◆ YOUR TASK ◆
Output only the lines below from the one holding "внутри которого находится" down to the one holding "耳が前に折れている造形になっ", both end lines included and every picture dropped.

+++

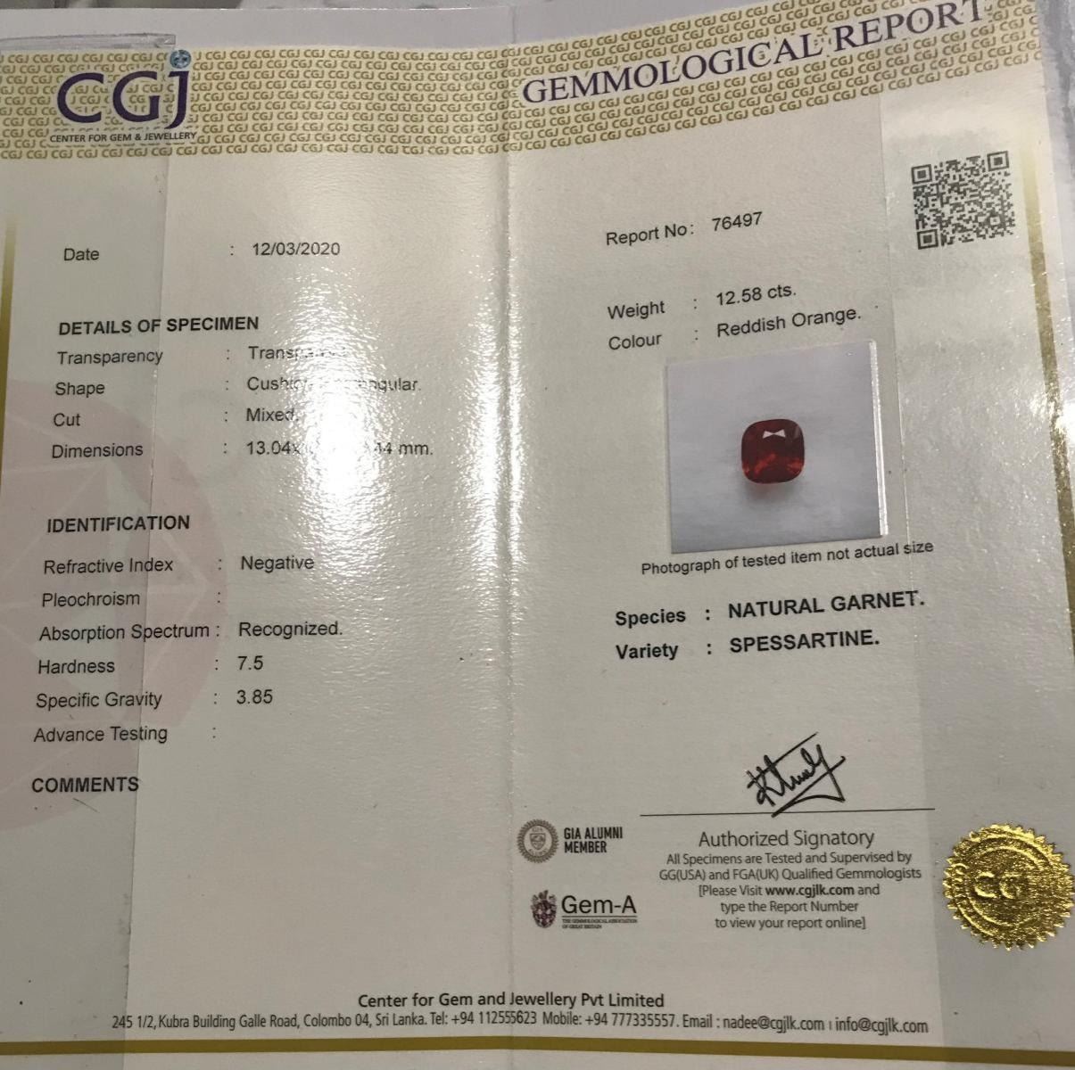 Natural Mandarin Orange Spessartite Garnet - Completely eye clean .....weight - 12.58 Carats ..Cushion Cut......Hardness 7.5; ..Origin - Nigeria; Certified
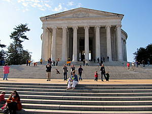внутри которого находится монументальный памятник в философском духеИли, не менее знаменитый монумент еще одному великому Президенту — Джефферсону, поражающий своими размерами и притягивающий своей гармонией
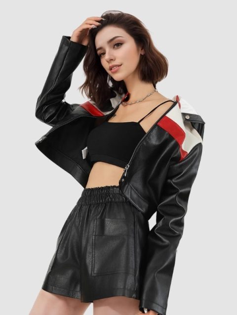 Women Faux Leather Jackets Patchwork Motorcycle Suit Aviator Jacket Short Version Coat Leather Jacket Handsome Oversized Skinny
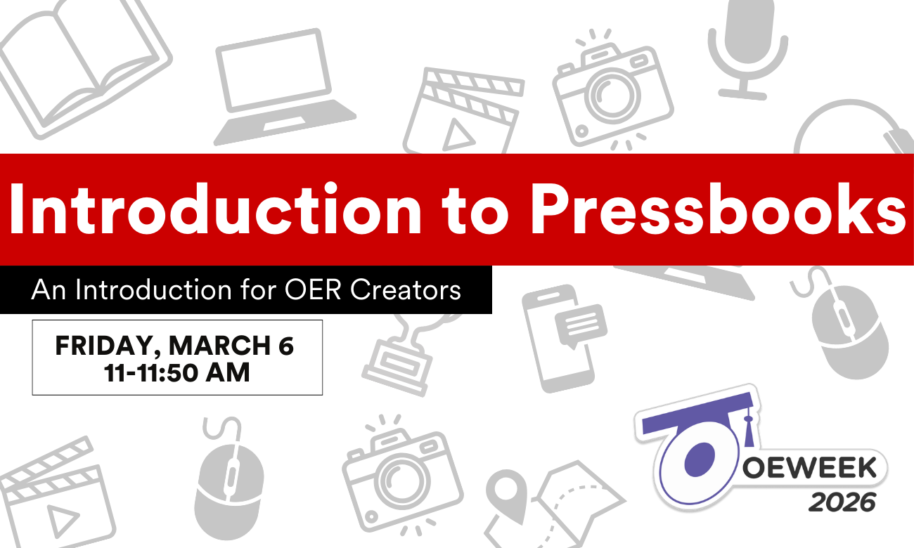 By the end of the workshop, you’ll have the knowledge and tools to begin creating and publishing your OER. No prior experience with Pressbooks is required.
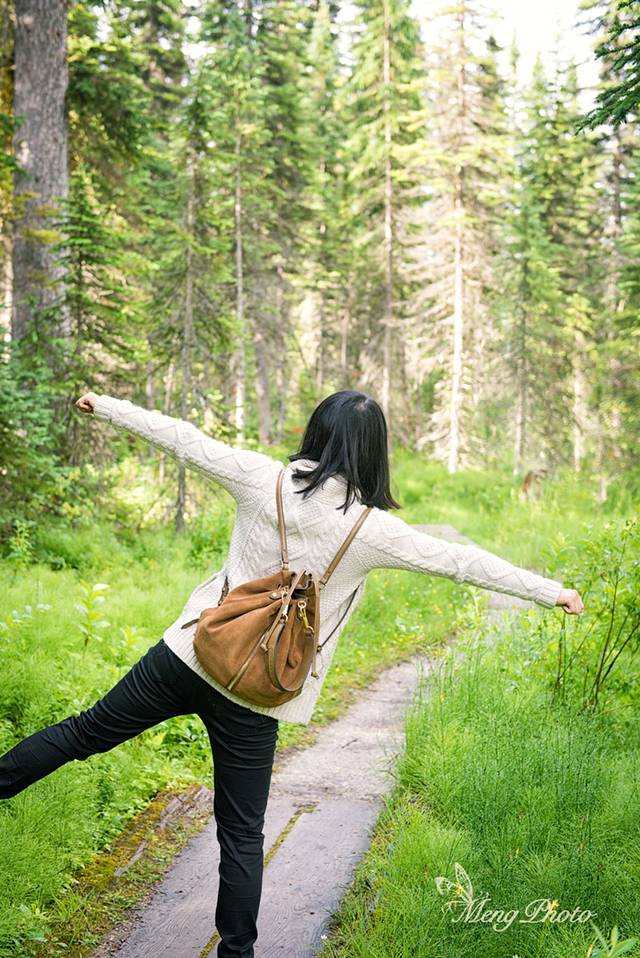 小径的前半段路非常平坦好走,连轮椅都可以推着进去。但过了木桥的后半段就相对比较泥泞了。一直都在树林间行走,偶尔才都能够看到右手边的湖。拍不了湖,就只能拍自己了。把相机给我爸后,元气背包少女滑稽出镜
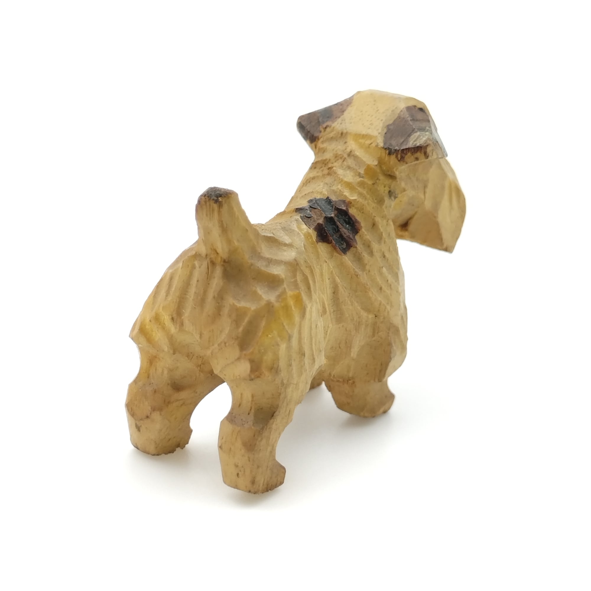 耳が前に折れている造形になっており少しずんぐりむっくりとした体形ですがテリアの王様と呼ばれるエアデール・テリアのような特徴をもつ木彫り犬です。ガラス玉のつぶらな瞳で可愛らしい表情をしています。
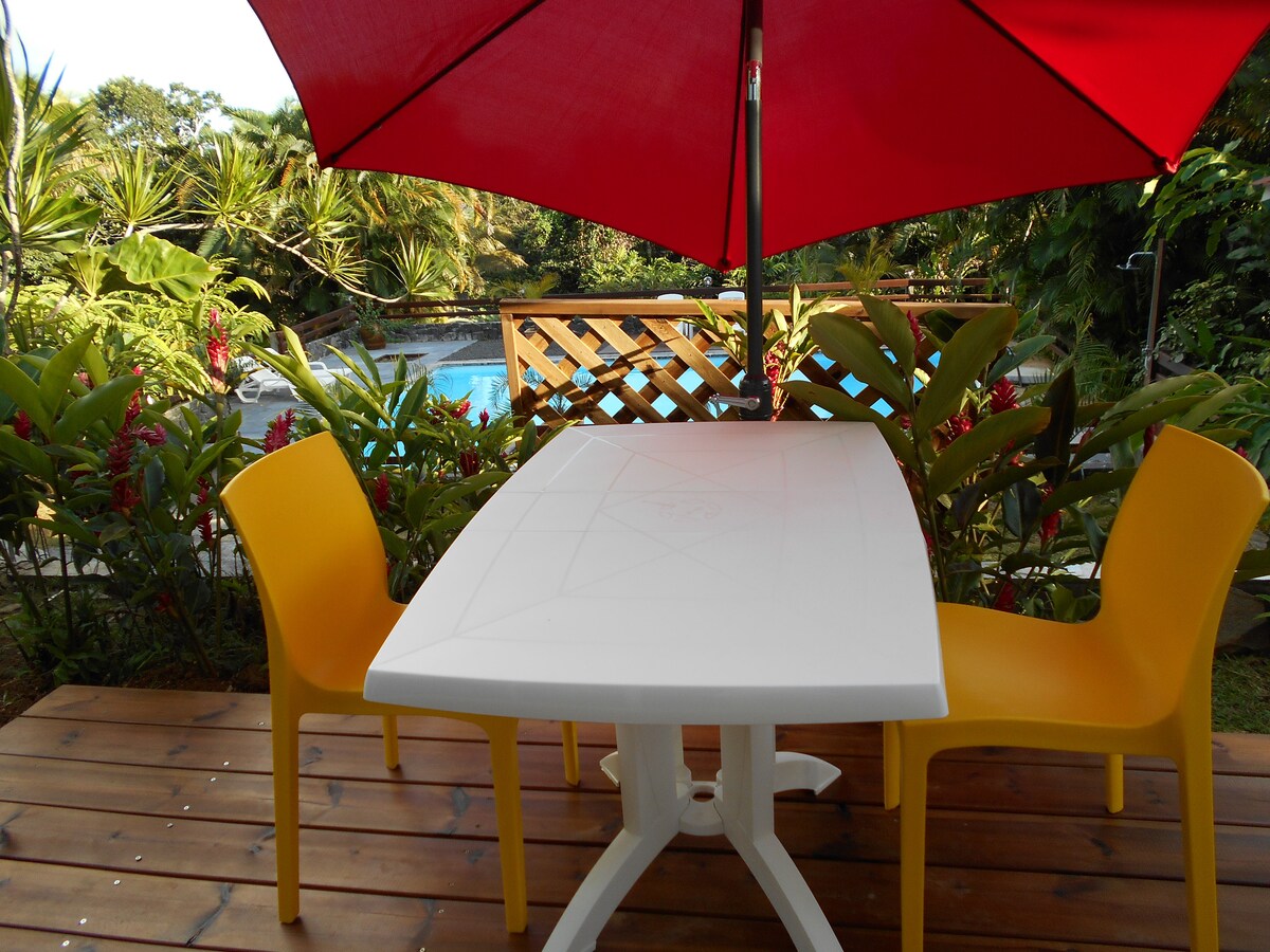 «COUNTRY LODGE» Alojamiento con encanto en un jardín tropical🌸🌴, con vistas al mar🤩. Dormitorio 1 cama(160x200 o 2 camas 80x200), cuarto de baño, cocina, terrazas, cubierta con tumbonas Alojamiento íntimo adyacente a la casa principal con acceso independiente Un plantador y acras de bienvenida se ofrecen Si es necesario, se proporcionan máscaras, tubos y aletas. Caja de libros. El country lodge ya no está disponible en sus fechas, puede consultar el anuncio del «lodge Rosewood» 😉

+++

◆ SOLUTION ◆
внутри которого находится монументальный памятник в философском духеИли, не менее знаменитый монумент еще одному великому Президенту — Джефферсону, поражающий своими размерами и притягивающий своей гармонией
 Women Faux Leather Jackets Patchwork Motorcycle Suit Aviator Jacket Short Version Coat Leather Jacket Handsome Oversized Skinny
 By the end of the workshop, you’ll have the knowledge and tools to begin creating and publishing your OER. No prior experience with Pressbooks is required.
 小径的前半段路非常平坦好走,连轮椅都可以推着进去。但过了木桥的后半段就相对比较泥泞了。一直都在树林间行走,偶尔才都能够看到右手边的湖。拍不了湖,就只能拍自己了。把相机给我爸后,元气背包少女滑稽出镜
 耳が前に折れている造形になっており少しずんぐりむっくりとした体形ですがテリアの王様と呼ばれるエアデール・テリアのような特徴をもつ木彫り犬です。ガラス玉のつぶらな瞳で可愛らしい表情をしています。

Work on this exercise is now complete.